Browsing Homilies

First Sunday of Advent

29 November 2020

Is 63:16b-17, 19b; 64:2-7 | Ps 80 | 1 Cor 1:3-9 | Mk 13:33-37

Welcome to another liturgical year … another Advent … a new opportunity to prepare our minds and hearts for the coming of Jesus into the world on Christmas Day. Much like parents who wait, hope, dream, and prepare for the arrival of their first child, there is an excitement that surrounds these days leading up to Christmas. But, we’re not waiting for Jesus to come and save us. He already has! Jesus lovingly showed us how to live in relationship with God and one another. And his promise of the Holy Spirit is present today, guiding us. So, what can we learn from today’s passages?

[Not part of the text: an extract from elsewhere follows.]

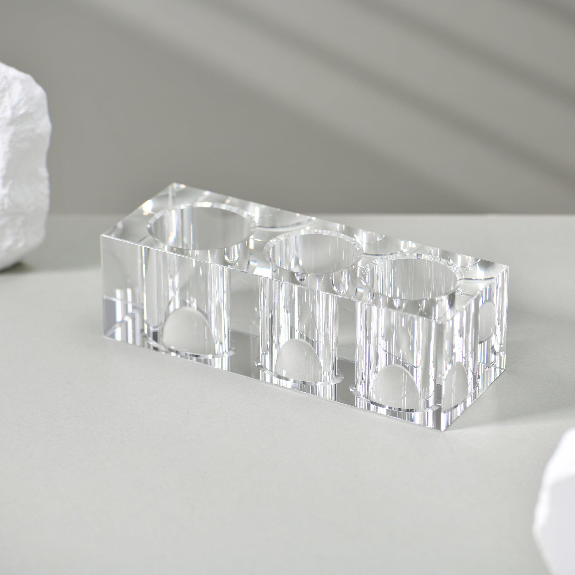 Elevate your bathroom space with an exquisite handcrafted crystal Toothbrush holder from Nootk. Designed in Canada, this piece blends modern geometry with timeless elegance. Its multi-faceted silhouette and jewel-like form transform everyday utility into a luxurious statement. Crafted from premium-grade crystal, each Holder is precision cut and polished by hand, delivering brilliance and lasting quality. With a gemstone-inspired shape, the Fibo stands as both a functional accessory and a sculptural accent. Whether paired with other items from the Fibo Nootk collection or showcased alone, the Fibo brings sophisticated refinement to any vanity or bathroom setting.

In Isaiah’s time, people turned away from God; he described them as “unclean,” “withered,” and guilt-ridden, comparing their deeds to “polluted rags.” Likewise, in today’s psalm, the words, “Lord, make us turn to you,” are filled with resignation and desperation. It’s humanity who repeatedly turns away from God, never God from humanity. Both Isaiah and the psalmist recognized this and are begging God to step in and return the chosen people into right relationship with one another and with God.

Jesus was God’s loving answer to their pleas.

In contrast to these two readings, Paul’s letter to the Corinthians offers hope. Paul, living in the light of Christ’s resurrection, assures us we are not lacking in any spiritual gift. As we wait in joyful hope for the coming of our Savior, Paul reminds us that our faith will provide us with guidance and strength to endure any hardship.

Unfortunately, as we journey through life, we accumulate bad habits and insecurities that cloud our spirits and keep us from recognizing and utilizing our spiritual gifts that lay dormant.

A twentieth-century Jesuit priest, (Pierre Teilhard de Chardin), scientist, and mystic, beautifully articulated the connection between the human condition and the spiritual life. In The Phenomenon of Man, he affirmed: “We are not human beings having a spiritual experience; we are spiritual beings having a human experience.”

We all have days when it’s hard to feel like a spiritual being. We are bombarded with so many earthly distractions, especially during this season. World catastrophes, political unrest, technological distractions, illness, family/work stressors, violence, and addictions are just a few things that clutter our minds and hearts and keep us from living fully as spiritual beings.

In today’s Gospel, Mark emphatically tells us what we must do: watch! We are neither to watch nor judge what others are doing, but rather to watch and be alert to what we are thinking, doing, feeling, giving, and taking. We can examine our actions and interactions to see if they align with those of Jesus. Do our thoughts, words, and actions reflect a spiritual existence or a human existence?

Jesus’ greatest gift while he walked among us was his loving, healing presence. Who would benefit most this season from the gift of your loving presence? If we truly want to live our earthly lives as the spiritual beings we were created to be and live as Jesus lived, what would we have to change?

Advent challenges us to be alert to the ways we turn our minds and hearts away from God and others.

Advent is probably the Church season most vulnerable to corruption and being overshadowed by everything that coincides with it. Whereas the Church starts to celebrate Christmas on the night of December 24, and continues through the feast of the Baptism of the Lord, society rolls into holiday mode after Halloween and into uncompromising materialism beginning with “Black Friday.” Our cultural Christmas ends abruptly on the night of December 25 – leaving only the tree that nobody wants to take down.

Ironically, there is nothing more distracting from the mood of Advent than our culture’s preparation for Christmas.

Our readings remind us that, as of today, we are not simply getting into the commercial Christmas season but entering into a season of conversion. Take this time to clear out any earthly distractions. Unplug! Simplify! Unleash those spiritual gifts! Share them and thus bring Jesus more fully into the life of this world. While we are in the world, we are reminded we are not of the world.

If we can bear this in mind a little bit more, then there will be more space for God’s grace to enter.

Only then will we be ready for a spiritual awakening like never before.